In 1999 we began research on what became MediaRights.org and in 2001 we launched our first Media That Matters Film Festival, at a time when streaming films online was still largely a novelty. Since then, web video has gone from neat-o to necessary, but the work of promoting, protecting and creating media for social change continues to grow in importance as more people have access to these tools. Just last week, the front page of the New York Times reported on Verizon’s attempt to block text messages sent by Naral Pro-Choice America. This censorship caused such an outcry that Verizon backtracked to allow the messages to be sent, but the policy that allows companies such as Verizon and AT&T to discriminate as they choose still stands.

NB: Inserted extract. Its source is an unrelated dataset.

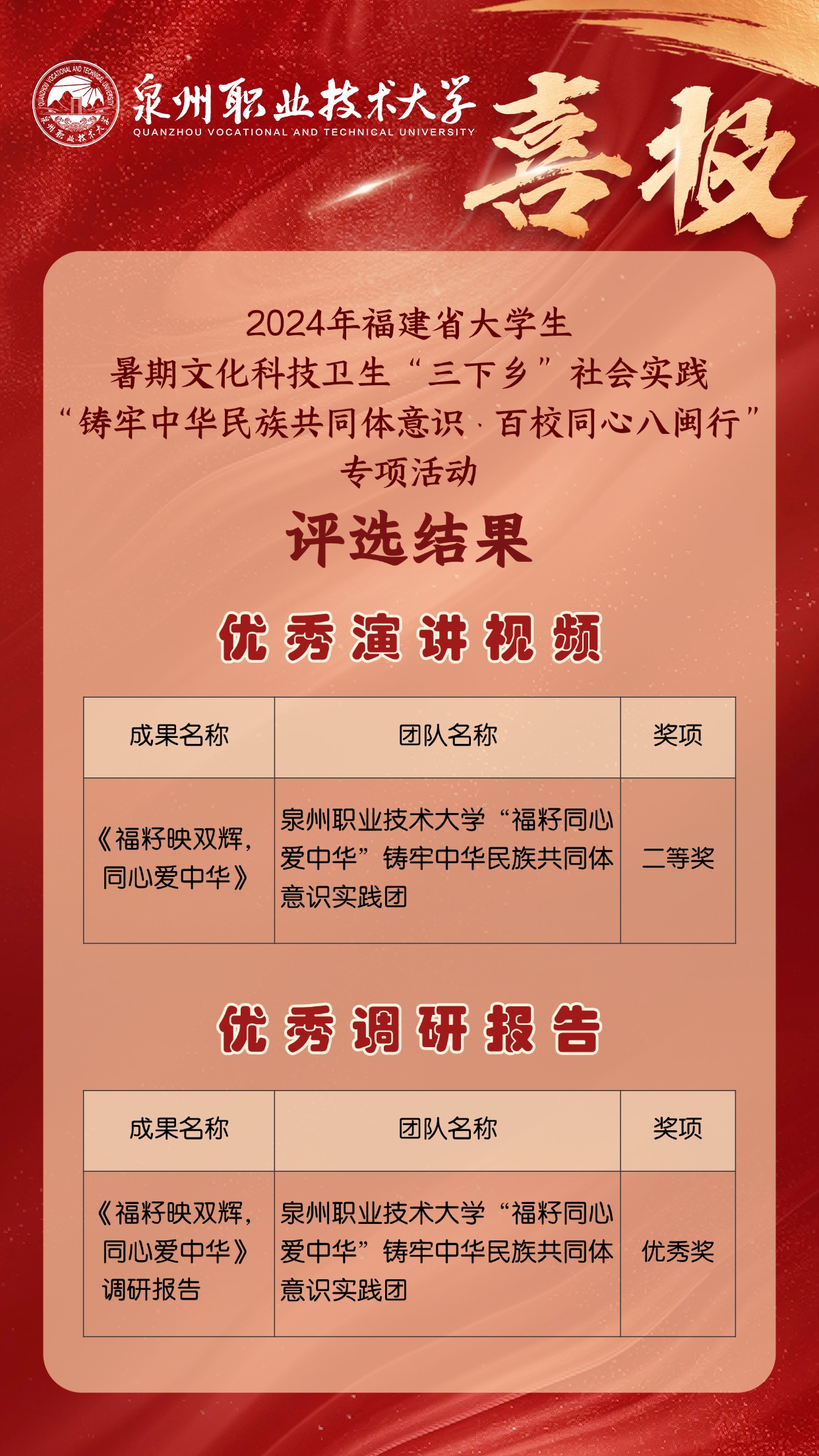 同时,该团队在2024年福建省大学生暑期文化科技卫生“三下乡”社会实践“铸牢中华民族共同体意识·百校同心八闽行”专项活动评选中,《福籽映双辉,同心爱中华》主题演讲荣获省级二等奖,调研报告获优秀奖。

At the same time, the exciting potential offered by free access to digital distribution channels exceeded anyone’s expectations and blew our minds with the Media That Matters Film Festival’s A Girl Like Me. So on the one hand, corporate communications companies may have new tools to control what messages get through to the public, while on the other hand, a 16-year-old can reach millions with her story of internalized racism among young children in Harlem.
Neither of these newsworthy events could have happened ten years ago, but to me both these examples argue for the need for vigilance and imagination in using the tools of media making and media sharing to bring the ideals of free expression to their fullest expression. No doubt we will still need people to keep it real to 2017, fight the good fight and make sure that the truth gets out there. The exciting part is that we’re going to be making creative use of new technologies to do it.